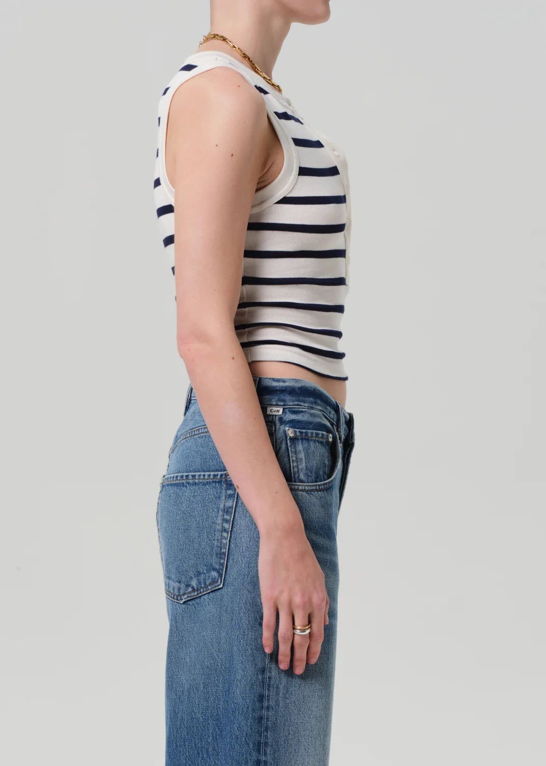 The Carolyn Tank is a button-front staple, crafted from signature rib fabric for a form-fitting silhouette. Perfect for layering with tonal pieces or wearing on its own, this versatile tank offers effortless style that works for any occasion. Pair it with high-waisted denim for a sleek, streamlined look or dress it up with a blazer for a more polished vibe.
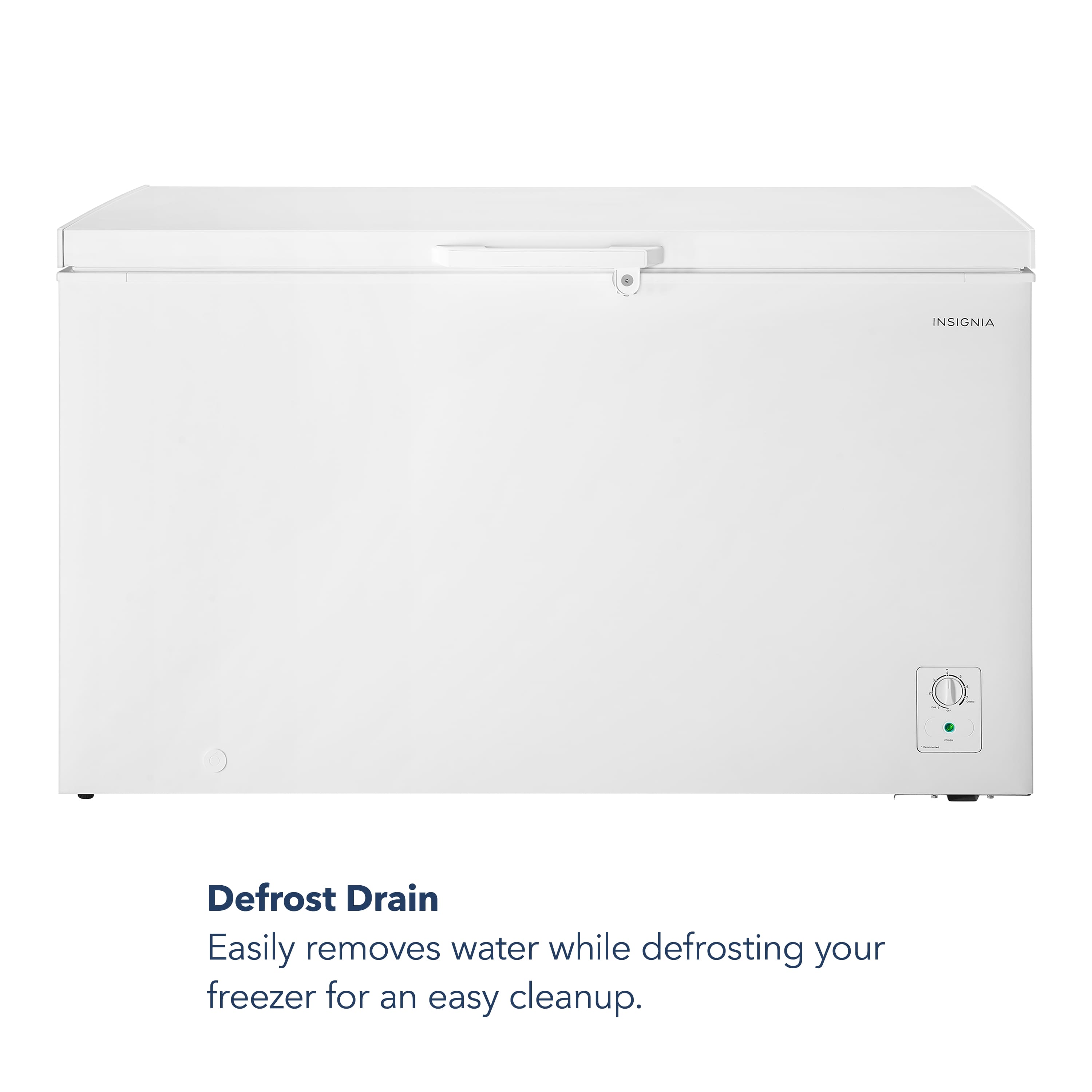 The Insignia 14.0 Cu. Ft. Garage-Ready Chest Freezer has three removable wire baskets allowing you to keep plenty of bulky foods at the bottom and smaller foods organized on top. An interior LED light makes it simple for you to find the items you’re looking for, and when you’re done, simply lock the freezer to keep both your children and your food safe. It’s easy to operate—just turn a knob to adjust the temperature. A defrost drain easily removes the water for when your freezer needs cleaning.
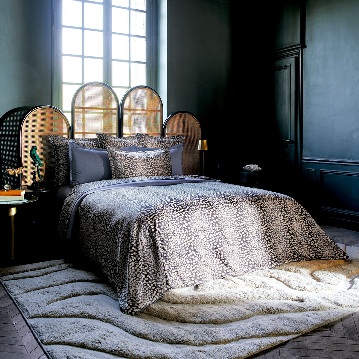 La housse de couette est réversible sur un dessin qui évoque les peaux de cuirs de Galuchat et qui souligne son caractère très décoratif.
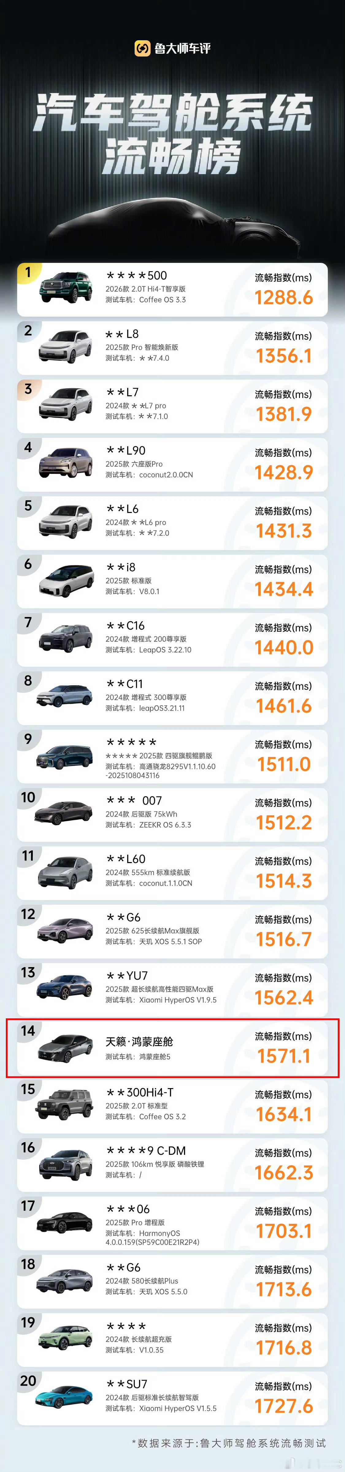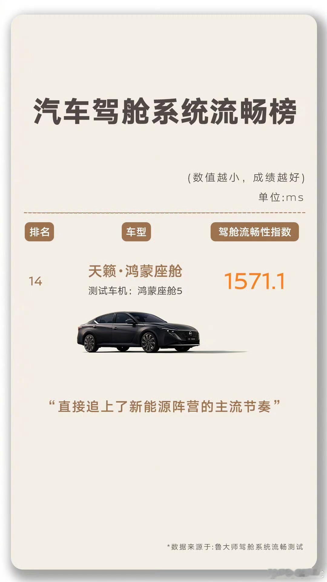 燃油车“智能洼地”标签要被掀翻了!鲁大师这次给出的数据非常有意思啊天籁·鸿蒙座舱作为榜单里最扎眼的燃油车,用三组硬核数据把“油车不智能”的偏见按在地上摩擦——导航规划响应510.42毫秒、座椅调节时延106.67毫秒,两项均拿下全场第一,应用滑动102.5毫秒更是追平主流新势力,这哪是“补课”,分明是直接“跳级”!以前总说“要智能就得选电车”,现在天籁·鸿蒙座舱用排名14的成绩证明:决定车够不够智能的,从来不是动力形式。当“移动大沙发”装上鸿蒙“超脑”,燃油车终于在智能赛道上跑出了属于自己的加速度!你觉得这波测评会让更多人放弃续航焦虑,选择智能燃油车吗?评论区聊聊~

- - - - - - -

WORK TO COMPLETE: Write the material out again exactly as it appears, dropping the pictures.

SOLUTION TO THIS PROBLEM:
 The Carolyn Tank is a button-front staple, crafted from signature rib fabric for a form-fitting silhouette. Perfect for layering with tonal pieces or wearing on its own, this versatile tank offers effortless style that works for any occasion. Pair it with high-waisted denim for a sleek, streamlined look or dress it up with a blazer for a more polished vibe.
 The Insignia 14.0 Cu. Ft. Garage-Ready Chest Freezer has three removable wire baskets allowing you to keep plenty of bulky foods at the bottom and smaller foods organized on top. An interior LED light makes it simple for you to find the items you’re looking for, and when you’re done, simply lock the freezer to keep both your children and your food safe. It’s easy to operate—just turn a knob to adjust the temperature. A defrost drain easily removes the water for when your freezer needs cleaning.
 La housse de couette est réversible sur un dessin qui évoque les peaux de cuirs de Galuchat et qui souligne son caractère très décoratif.
 燃油车“智能洼地”标签要被掀翻了!鲁大师这次给出的数据非常有意思啊天籁·鸿蒙座舱作为榜单里最扎眼的燃油车,用三组硬核数据把“油车不智能”的偏见按在地上摩擦——导航规划响应510.42毫秒、座椅调节时延106.67毫秒,两项均拿下全场第一,应用滑动102.5毫秒更是追平主流新势力,这哪是“补课”,分明是直接“跳级”!以前总说“要智能就得选电车”,现在天籁·鸿蒙座舱用排名14的成绩证明:决定车够不够智能的,从来不是动力形式。当“移动大沙发”装上鸿蒙“超脑”,燃油车终于在智能赛道上跑出了属于自己的加速度!你觉得这波测评会让更多人放弃续航焦虑,选择智能燃油车吗?评论区聊聊~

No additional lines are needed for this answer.